▶ **Aim of the task**: Beneath this line are entries. Copy the range from the line with "Zu Beginn dieser" to the line with "Horizon | Echoes", ends included, exactly; leave pictures out.

▶ **Working data**:
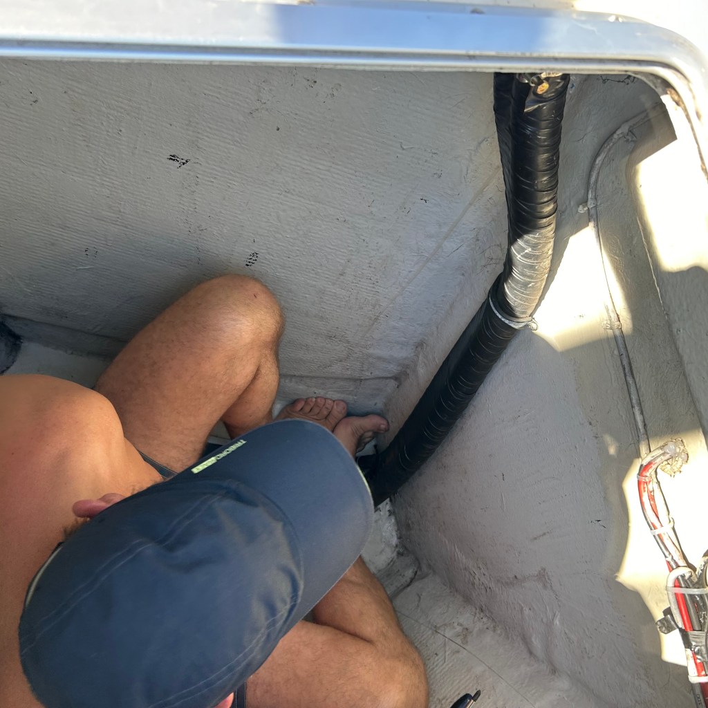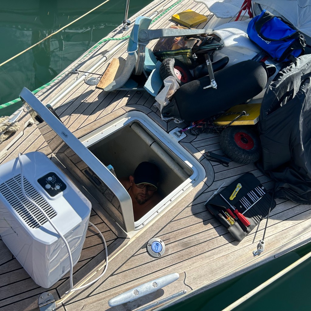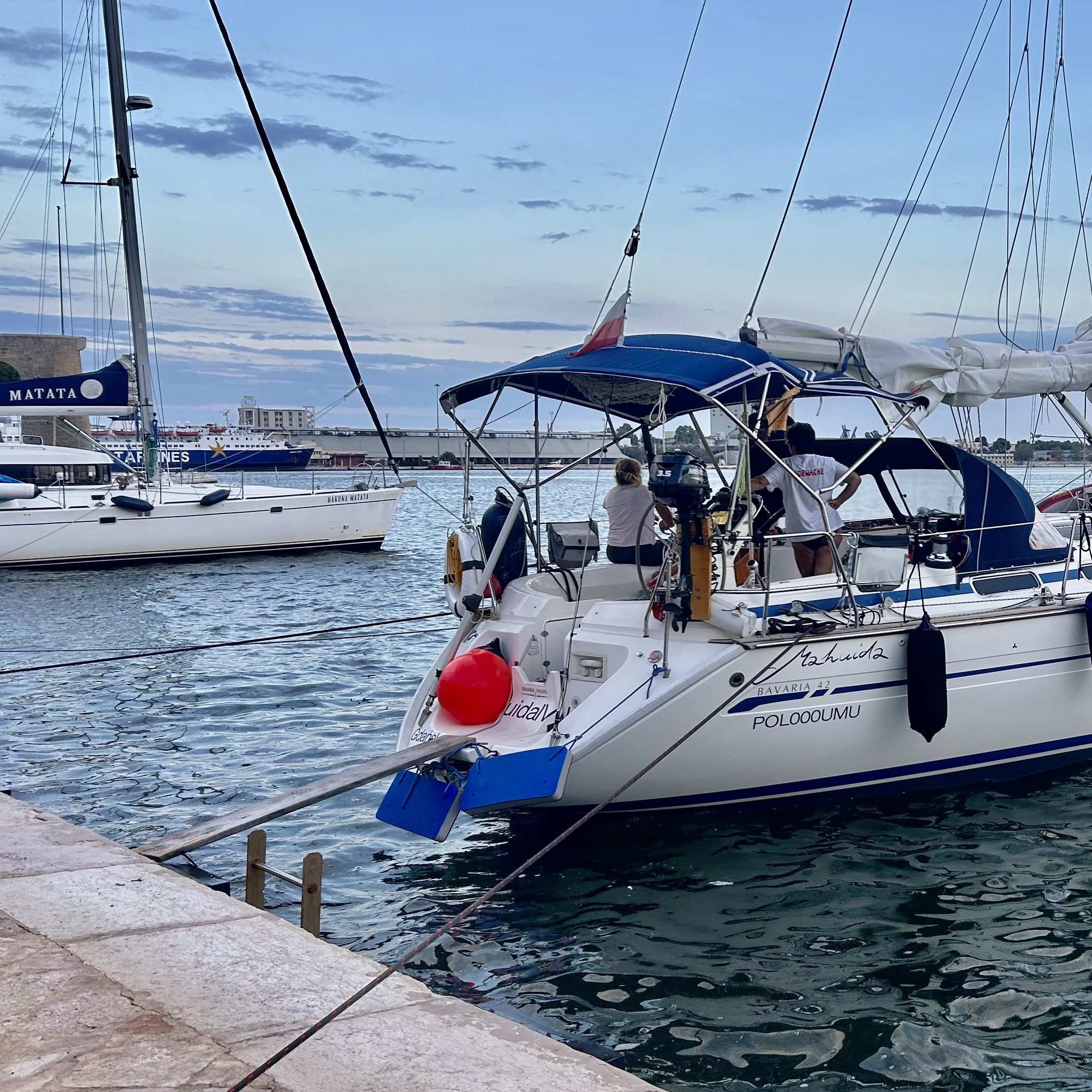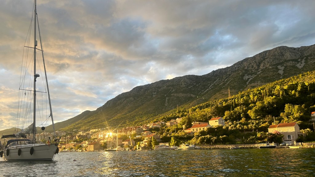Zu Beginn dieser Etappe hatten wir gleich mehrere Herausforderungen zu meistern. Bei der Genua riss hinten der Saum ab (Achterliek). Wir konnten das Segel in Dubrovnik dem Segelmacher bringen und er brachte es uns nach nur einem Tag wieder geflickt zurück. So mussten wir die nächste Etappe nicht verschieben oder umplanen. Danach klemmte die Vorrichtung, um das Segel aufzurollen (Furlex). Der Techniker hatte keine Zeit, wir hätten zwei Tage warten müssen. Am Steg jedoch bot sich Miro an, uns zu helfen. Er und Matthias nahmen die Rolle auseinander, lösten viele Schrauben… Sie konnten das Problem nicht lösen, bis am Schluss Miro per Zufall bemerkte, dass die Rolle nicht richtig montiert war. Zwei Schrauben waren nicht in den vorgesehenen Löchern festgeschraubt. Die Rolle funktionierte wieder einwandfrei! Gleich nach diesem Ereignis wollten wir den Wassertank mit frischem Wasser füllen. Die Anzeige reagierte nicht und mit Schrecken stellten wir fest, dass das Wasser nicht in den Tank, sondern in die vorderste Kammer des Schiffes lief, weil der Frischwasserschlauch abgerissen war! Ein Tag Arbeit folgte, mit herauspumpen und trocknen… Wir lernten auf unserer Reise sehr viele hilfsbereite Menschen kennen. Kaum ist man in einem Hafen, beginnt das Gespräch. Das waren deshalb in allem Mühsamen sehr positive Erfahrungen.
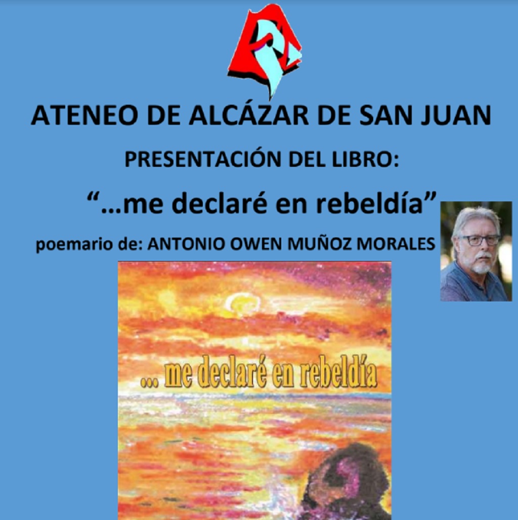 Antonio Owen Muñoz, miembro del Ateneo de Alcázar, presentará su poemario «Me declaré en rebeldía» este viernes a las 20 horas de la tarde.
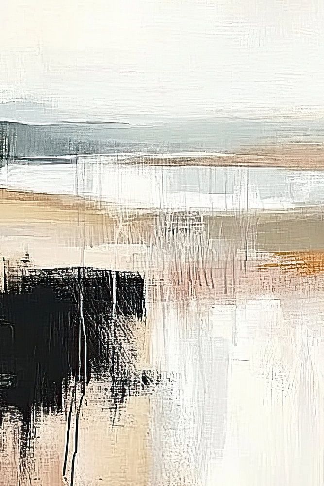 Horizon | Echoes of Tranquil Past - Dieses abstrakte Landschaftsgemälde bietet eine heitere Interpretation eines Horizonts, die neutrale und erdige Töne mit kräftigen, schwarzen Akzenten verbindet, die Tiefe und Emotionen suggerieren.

* * *

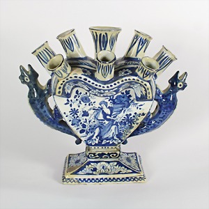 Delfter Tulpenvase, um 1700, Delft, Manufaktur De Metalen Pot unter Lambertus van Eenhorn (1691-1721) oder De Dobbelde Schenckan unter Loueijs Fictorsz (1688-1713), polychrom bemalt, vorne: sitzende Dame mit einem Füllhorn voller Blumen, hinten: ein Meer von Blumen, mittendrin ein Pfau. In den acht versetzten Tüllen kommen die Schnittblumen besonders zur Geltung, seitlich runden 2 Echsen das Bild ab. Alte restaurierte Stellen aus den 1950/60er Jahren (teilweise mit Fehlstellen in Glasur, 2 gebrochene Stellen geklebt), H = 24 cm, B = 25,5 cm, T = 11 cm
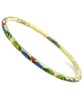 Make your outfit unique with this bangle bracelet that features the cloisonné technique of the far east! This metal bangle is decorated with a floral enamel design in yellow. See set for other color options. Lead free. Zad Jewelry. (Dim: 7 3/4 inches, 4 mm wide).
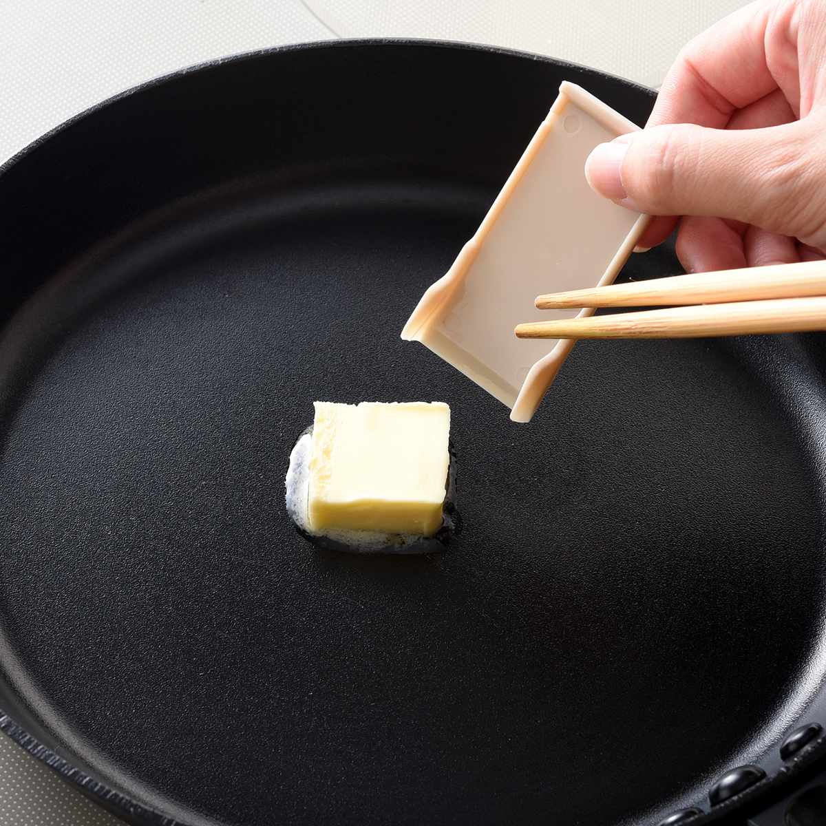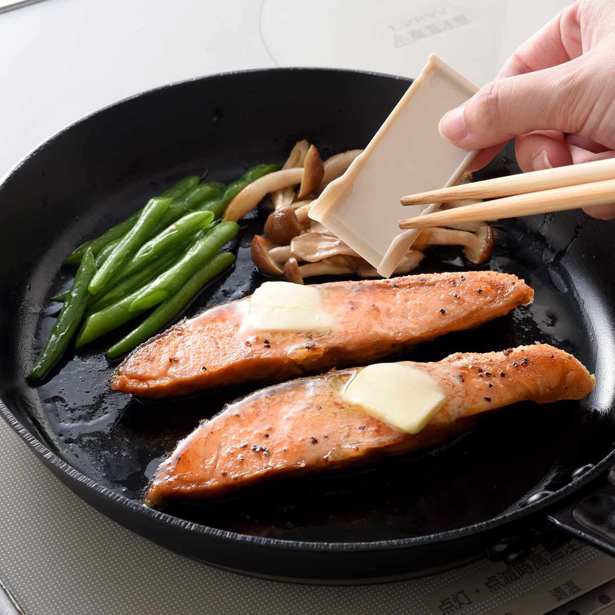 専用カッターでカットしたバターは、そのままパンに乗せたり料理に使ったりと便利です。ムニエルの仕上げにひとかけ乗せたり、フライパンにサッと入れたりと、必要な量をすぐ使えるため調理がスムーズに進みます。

▶ **Problem solution**:
Zu Beginn dieser Etappe hatten wir gleich mehrere Herausforderungen zu meistern. Bei der Genua riss hinten der Saum ab (Achterliek). Wir konnten das Segel in Dubrovnik dem Segelmacher bringen und er brachte es uns nach nur einem Tag wieder geflickt zurück. So mussten wir die nächste Etappe nicht verschieben oder umplanen. Danach klemmte die Vorrichtung, um das Segel aufzurollen (Furlex). Der Techniker hatte keine Zeit, wir hätten zwei Tage warten müssen. Am Steg jedoch bot sich Miro an, uns zu helfen. Er und Matthias nahmen die Rolle auseinander, lösten viele Schrauben… Sie konnten das Problem nicht lösen, bis am Schluss Miro per Zufall bemerkte, dass die Rolle nicht richtig montiert war. Zwei Schrauben waren nicht in den vorgesehenen Löchern festgeschraubt. Die Rolle funktionierte wieder einwandfrei! Gleich nach diesem Ereignis wollten wir den Wassertank mit frischem Wasser füllen. Die Anzeige reagierte nicht und mit Schrecken stellten wir fest, dass das Wasser nicht in den Tank, sondern in die vorderste Kammer des Schiffes lief, weil der Frischwasserschlauch abgerissen war! Ein Tag Arbeit folgte, mit herauspumpen und trocknen… Wir lernten auf unserer Reise sehr viele hilfsbereite Menschen kennen. Kaum ist man in einem Hafen, beginnt das Gespräch. Das waren deshalb in allem Mühsamen sehr positive Erfahrungen.
 Antonio Owen Muñoz, miembro del Ateneo de Alcázar, presentará su poemario «Me declaré en rebeldía» este viernes a las 20 horas de la tarde.
 Horizon | Echoes of Tranquil Past - Dieses abstrakte Landschaftsgemälde bietet eine heitere Interpretation eines Horizonts, die neutrale und erdige Töne mit kräftigen, schwarzen Akzenten verbindet, die Tiefe und Emotionen suggerieren.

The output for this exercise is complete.